Amasra mine explosion
- Date: 14 October 2022
- Time: 18:30 (UTC+3)
- Location: Amasra coal mine, Amasra, Bartın Province, Turkey; 41°43′23″N 32°21′01″E﻿ / ﻿41.72306°N 32.35028°E;
- Cause: Mine explosion
- Deaths: 42
- Injuries: 27

= Amasra mine explosion =

2022 mining disaster in Amasra, Turkey

On 14 October 2022, an explosion occurred in Amasra coal mine in Amasra, Bartın Province, Turkey, killing 42 people and injuring 27. It was one of the deadliest industrial incidents in Turkey.

== Explosion ==
The explosion occurred at 6:30 p.m. Turkish time, at a depth of about 300 metres. At the time of the incident, around 110 people were working in the mine and almost half of them were below 300 m deep. Some reports stated that five people were working under 350 m and 44 people were working under 300 m.

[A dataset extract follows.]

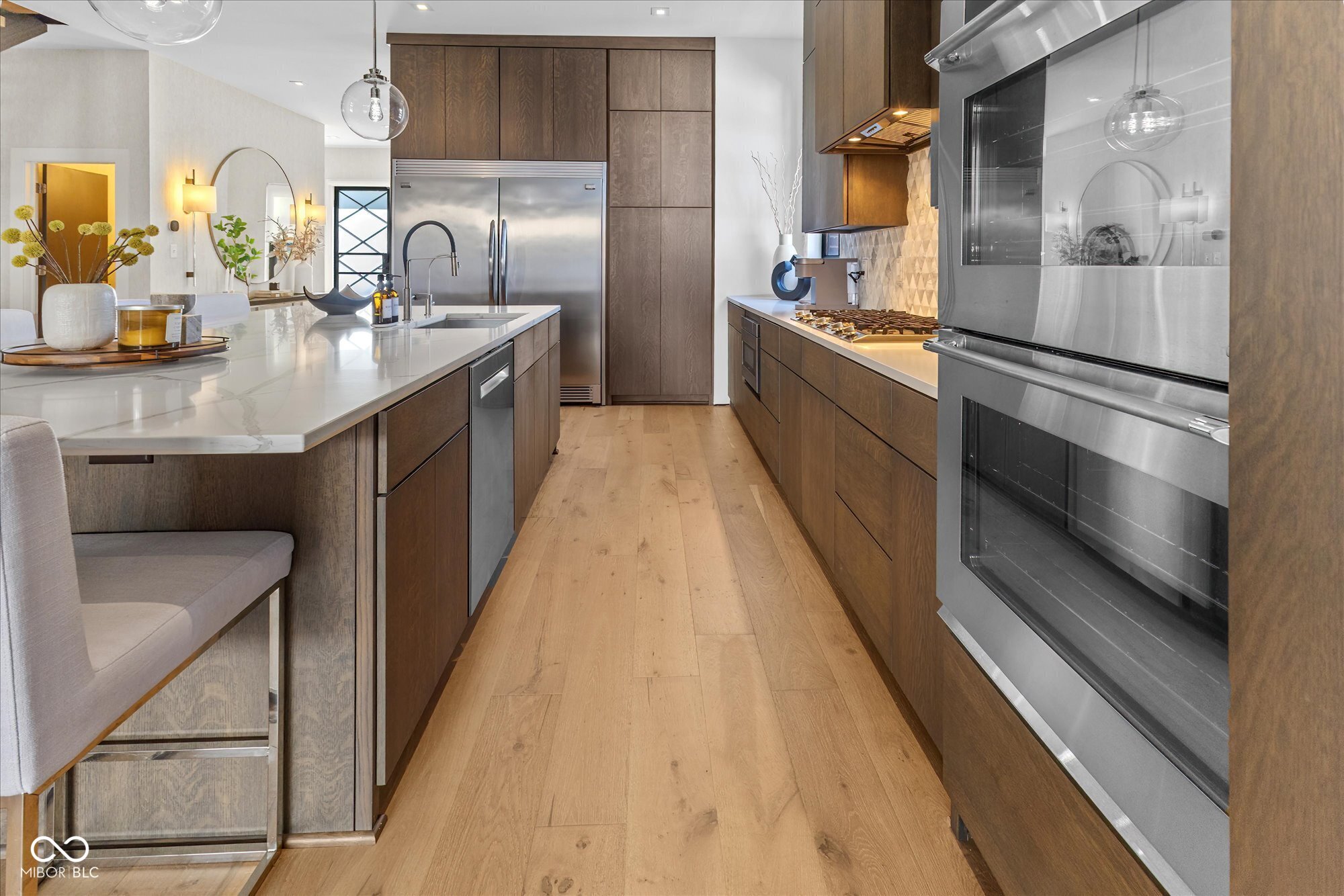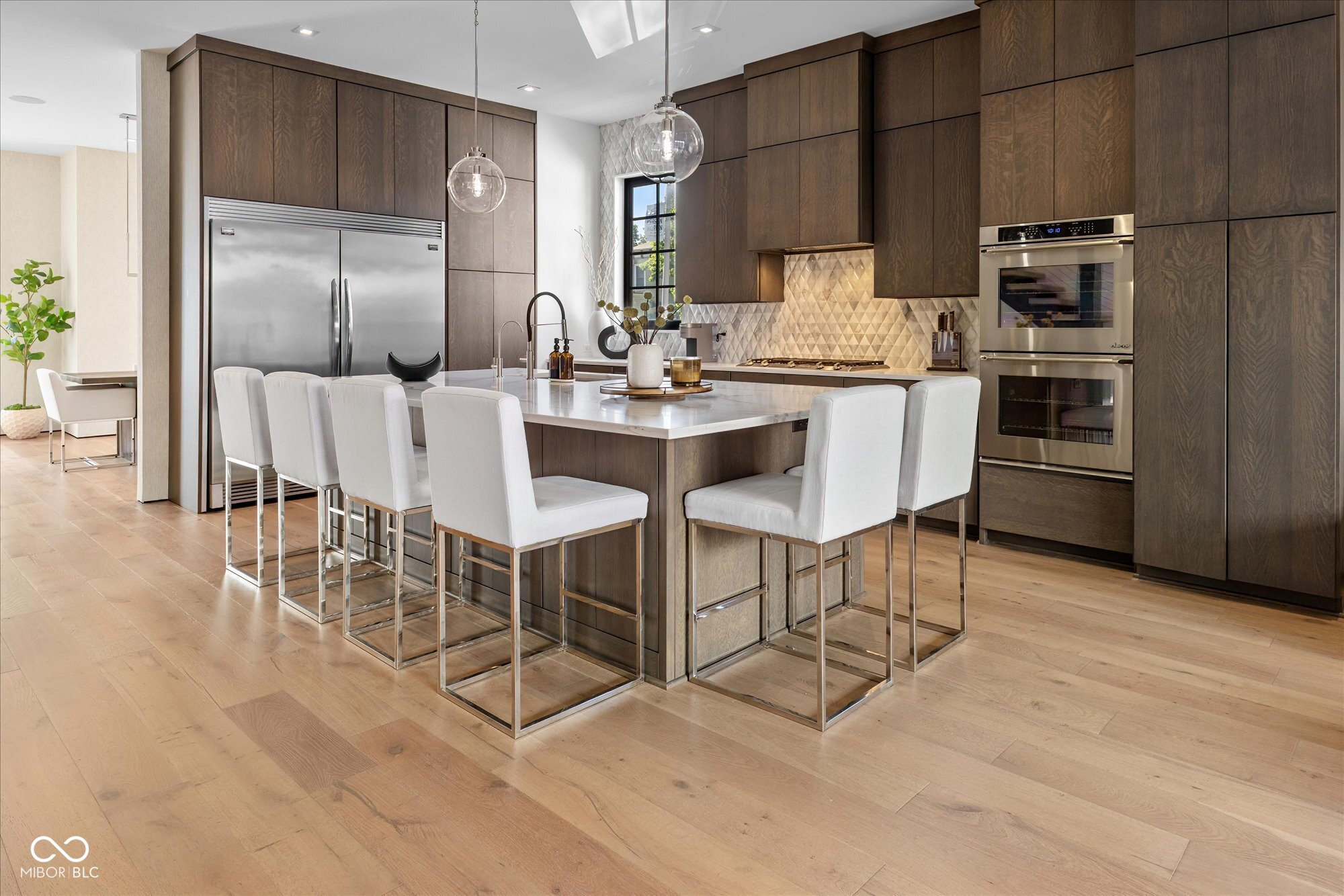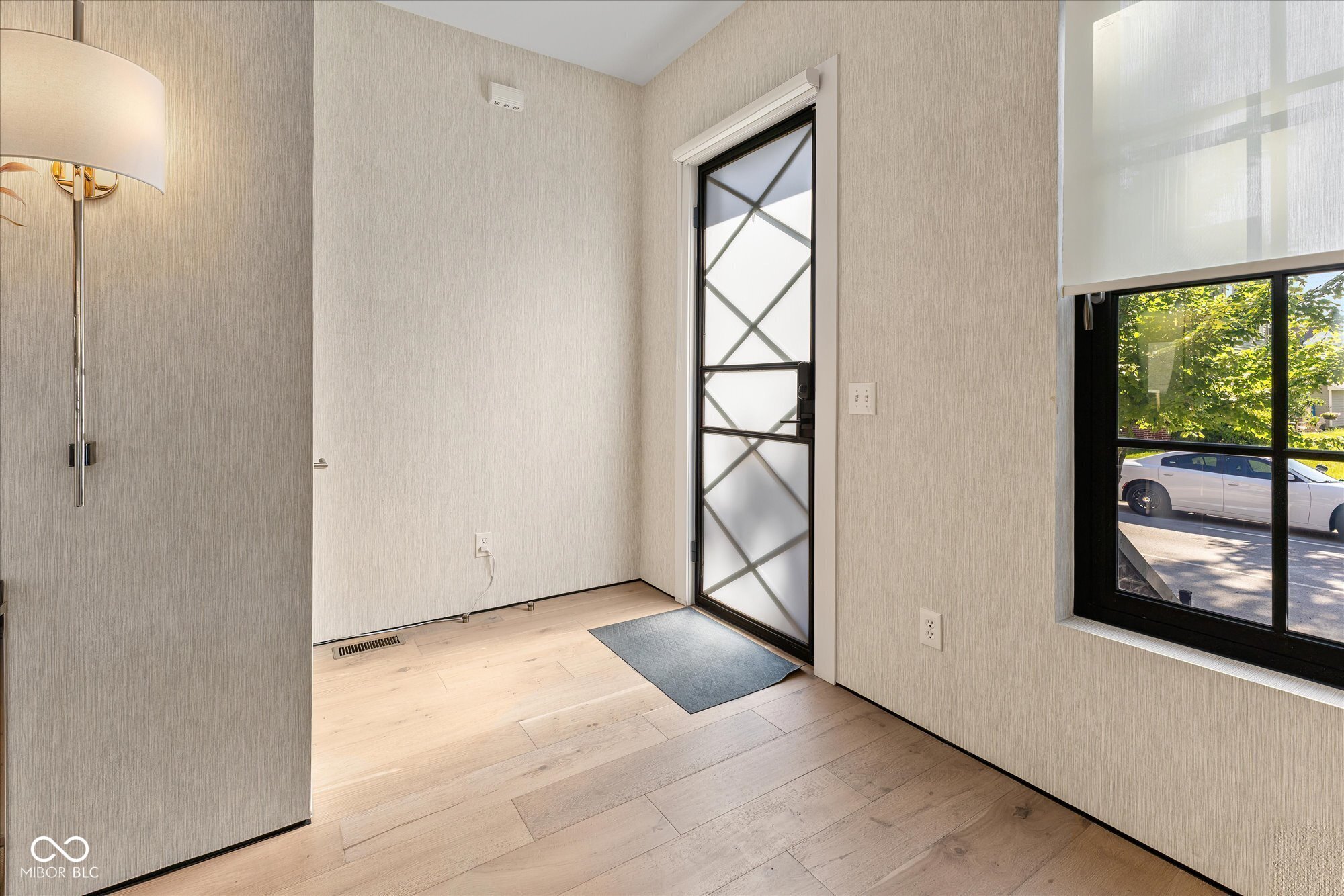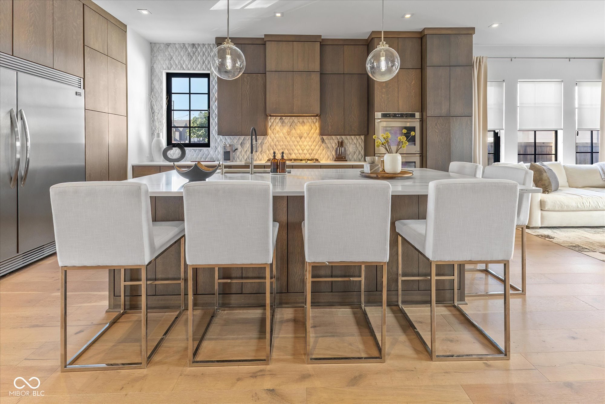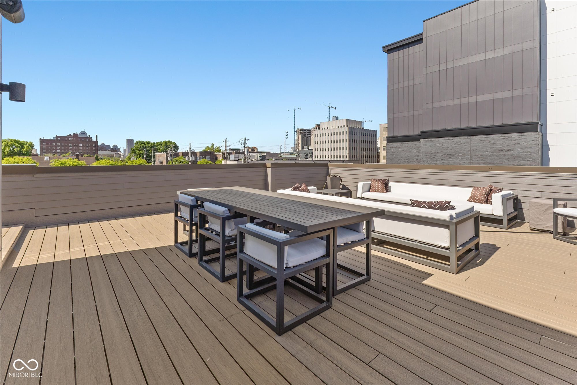 Price Improvement! Now offered at $849,900 - an exceptional value for luxury living in Herron-Morton's exclusive Penn Row community. Welcome to 1818 N Pennsylvania Street, a striking 4,000+ sq ft residence that combines bold design, skyline views, and high-end craftsmanship-just minutes from downtown Indianapolis. Step inside to soaring 12' ceilings and wide-plank white oak floors that set an elegant tone. The chef's kitchen is a showstopper, featuring Caesarstone quartz countertops, marble backsplash, double ovens, commercial-grade fridge/freezer, wine cooler, and an oversized island perfect for entertaining. Relax by the living room fireplace with Bose surround sound, or retreat to your private home theater for unforgettable movie nights. The primary suite impresses with a built-in king bed, spa-inspired bath with dual vanity and walk-in shower, and a custom walk-in closet designed for effortless organization. Additional highlights include a finished basement with half bath, motorized blinds, designer lighting, two fireplaces, and a detached two-car garage. Outdoor living is next level-an upgraded rooftop with Trex decking showcases panoramic city views, while the private fenced turf yard with deck, patio, and built-in fire pit creates the perfect space for entertaining or relaxing. Featured in the 2018 Indianapolis Home Show, this one-of-a-kind home blends modern luxury and historic charm in one of Indy's most desirable neighborhoods. City living has never looked so good-especially at this new price.

Minister of the Interior Süleyman Soylu said that more than 22 people had died and 28 people crawled out on their own. Minister of Health Fahrettin Koca said that 11 people had been pulled out alive and were being treated in hospital. 58 miners were saved.

== Investigation ==

The cause of the blast is yet unknown and is under investigation, with firedamp (possibly coalbed methane) being one suspected cause.

==Response==
President Recep Tayyip Erdoğan wrote on Twitter that he was closely monitoring the situation and said that search and rescue operations were progressing rapidly at the mine. Erdoğan canceled a planned trip to Diyarbakır and instead traveled to Amasra on 15 October. Erdoğan's comments linking the explosion to "the plan of destiny" and saying that such explosions "will always be" drew criticism from opposition leader Kemal Kılıçdaroğlu, as well as protests in Istanbul.